この作品は、受賞から、1年後の作品です。この作品も、カンヌ映画祭で受賞しています(審査委員賞)。
少年が、「科学的に言えば、生まれてきた奴は、何百万の一の幸運な奴なんだけど、僕にはそうは思えない。運のない、バカさ」と言う時、ライナー・マリア・リルケの「マルテの手記」の冒頭の文章が、甦りました。
「人々は生きるためにこの都会へ集まって来るのだが、僕には、それがここで死ぬためのように考えられる」。パリで、リルケは、地獄を見ますが、少年は、生の中に地獄を見るのです。

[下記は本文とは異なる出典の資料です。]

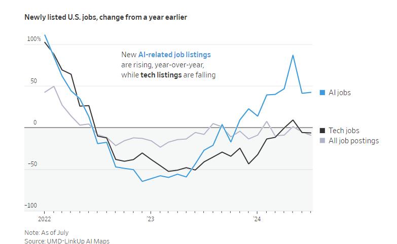 即便是掌握机器学习基础知识的专业人才,也能轻松获得六位数的薪资岗位。值得注意的是,与去年同期相比,7月份人工智能相关职位的新增招聘量激增近50%,与同期科技行业整体招聘略有下滑的趋势形成鲜明对比,凸显了市场对人工智能人才的高度渴求。

- 生きながら、ナイフを体中深く刺し込まれ、体を切り裂かれる豚。
- 少年を丸裸にし、少女を犯す校長。
- 海のような、陰気で陰惨なアムル河に向かって、海の憧れを歌う捕虜になった日本兵。
- 血まみれの出産。
- 傷付き、飛び立ったと思ったらすぐに、アムル河に落ちて死ぬ、鳥。
- 少年を快楽の対象にする、母親ほど年の離れた女。
- 大きなトランクの中に、閉じ込められて、夫に捨てられた女。
- 酔って、泥水の中に横たわる男。
- 犬を盗み、解体し、その肉を売る男たち。
- 心痛の余り、アムル河に落ちる少女。
- ガソリンを掛けられ、火だるまになって、駆け回るネズミ。
ネズミを助けようと、必死になる少年は、ネズミを火だるまにして逃げ出した男に向かって叫びます。
「どうして、自分がしたことを最後まで見届けない」
少年が出会った女は、こう言います。
「私たちは、与えられた心を充分に使っていない。だから、人間らしさを失うのだ」
最後に、少年は、カメラを睨み付けて叫びます。
「お前たちは、僕を憎んでいる。僕を殺そうとしている」
そうだ、僕たちは、少年を憎む。
少年は、僕たちの持つ残酷さを暴き立ててしまうからだ。
この作品を見終わった後の、渋谷の空には、雨の後の爽やかな青空が、広がっていました。
その爽やかさは、この作品が与えてくれた、感動の中にあった爽やかさと同じものでした。